__How to complete this task__
Leave the pictures out and restate each entry below word for word.

[Stored entries]
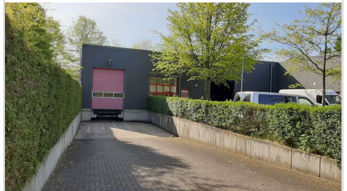
Halle 1 Im Finigen 5
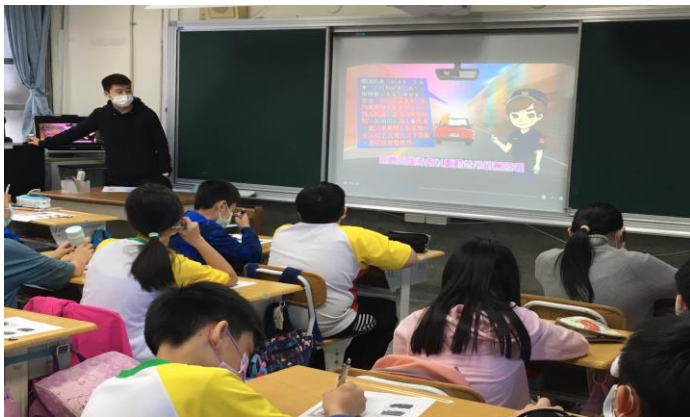
教師講解哪些車輛有優先道路使用權，說明未禮讓或未遵守交通規則會由警察依據處罰條例進行處分
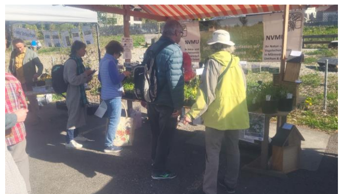
Wildstauden vom Appisberg u.v.m.
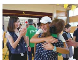
◎ お別れセレモニー
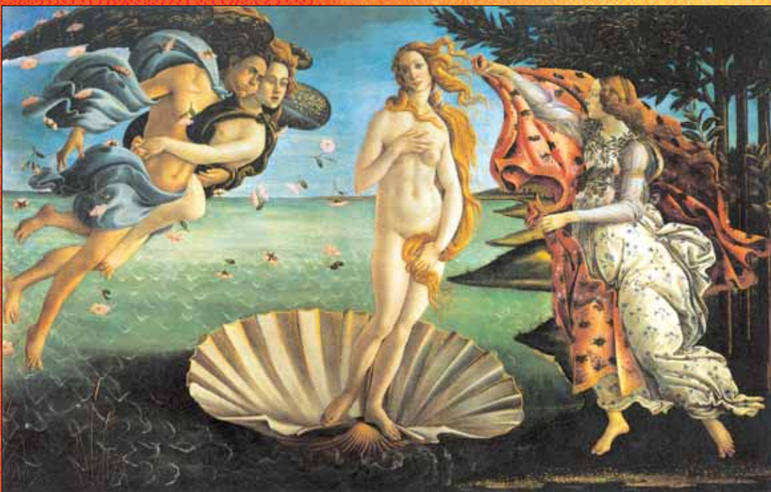
1. Η γέννηση της Αφροδίτης, όπως την αναπαράστησε σε πίνακά του ο διάσημος ζωγράφος Σάντρο Μποτιτσέλι (περ. 1485).

Τι ατυχία για την Αφροδίτη, που δεν ήταν ευτυχισμένη ούτε από το σύζυγο που της έδωσε ο Δίας. Τον Ήφαιστο παντρεύτηκε, άντρα κακομούτσουνο, κουτσό και μόνιμα λερωμένο με καπνιά, εκείνη που προτιμούσε τον παλικαρά Άρη... και βρέθηκε κάποτε στην αγκαλιά του παγιδευμένη σ' ένα χρυσό δίχτυ! Τι ντροπή για μια θεά! Η Αφροδίτη δεν το 'βαλε κάτω και μεταμορφωμένη σε θνητή παντρεύτηκε τον Αγχίση, τον αδελφό του
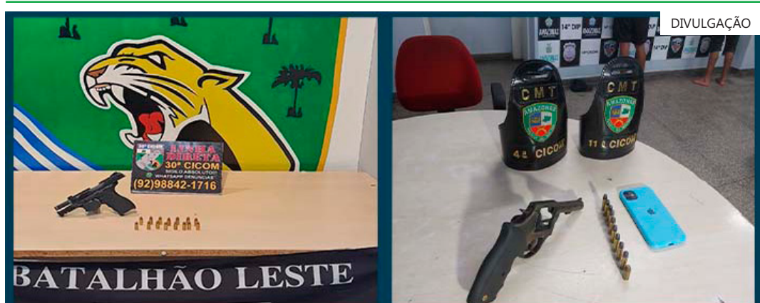
As equipes policiais conseguiram realizar as prisões através de denúncias anônimas

ções, identificou-se que diversas fazendas próximas, em nome de pessoas diversas, tiveram suas florestas intensamente desmatadas, com característica de ação de desmate em bloco, ou seja, uma decisão em comum entre os posseiros de tais áreas, visto a dimensão e a rapidez dos desmatamentos", destacou a PF.
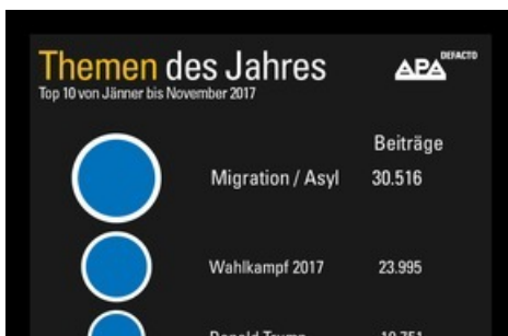
Themen des Jahres

Diese Meldung kann unter https://www.presseportal.ch/de/pm/100018349/100810358 abgerufen werden.
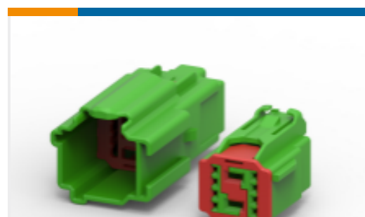
TE 产品编号1-1438153-3 GET .64 连接器系统, 连接器壳体
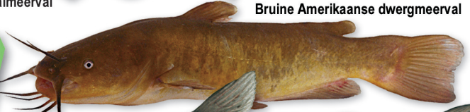
Bruine Amerikaanse dwergmeerval

__Answer to the problem__
Halle 1 Im Finigen 5
教師講解哪些車輛有優先道路使用權，說明未禮讓或未遵守交通規則會由警察依據處罰條例進行處分
Wildstauden vom Appisberg u.v.m.
◎ お別れセレモニー
1. Η γέννηση της Αφροδίτης, όπως την αναπαράστησε σε πίνακά του ο διάσημος ζωγράφος Σάντρο Μποτιτσέλι (περ. 1485).

Τι ατυχία για την Αφροδίτη, που δεν ήταν ευτυχισμένη ούτε από το σύζυγο που της έδωσε ο Δίας. Τον Ήφαιστο παντρεύτηκε, άντρα κακομούτσουνο, κουτσό και μόνιμα λερωμένο με καπνιά, εκείνη που προτιμούσε τον παλικαρά Άρη... και βρέθηκε κάποτε στην αγκαλιά του παγιδευμένη σ' ένα χρυσό δίχτυ! Τι ντροπή για μια θεά! Η Αφροδίτη δεν το 'βαλε κάτω και μεταμορφωμένη σε θνητή παντρεύτηκε τον Αγχίση, τον αδελφό του
As equipes policiais conseguiram realizar as prisões através de denúncias anônimas

ções, identificou-se que diversas fazendas próximas, em nome de pessoas diversas, tiveram suas florestas intensamente desmatadas, com característica de ação de desmate em bloco, ou seja, uma decisão em comum entre os posseiros de tais áreas, visto a dimensão e a rapidez dos desmatamentos", destacou a PF.
Themen des Jahres

Diese Meldung kann unter https://www.presseportal.ch/de/pm/100018349/100810358 abgerufen werden.
TE 产品编号1-1438153-3 GET .64 连接器系统, 连接器壳体
Bruine Amerikaanse dwergmeerval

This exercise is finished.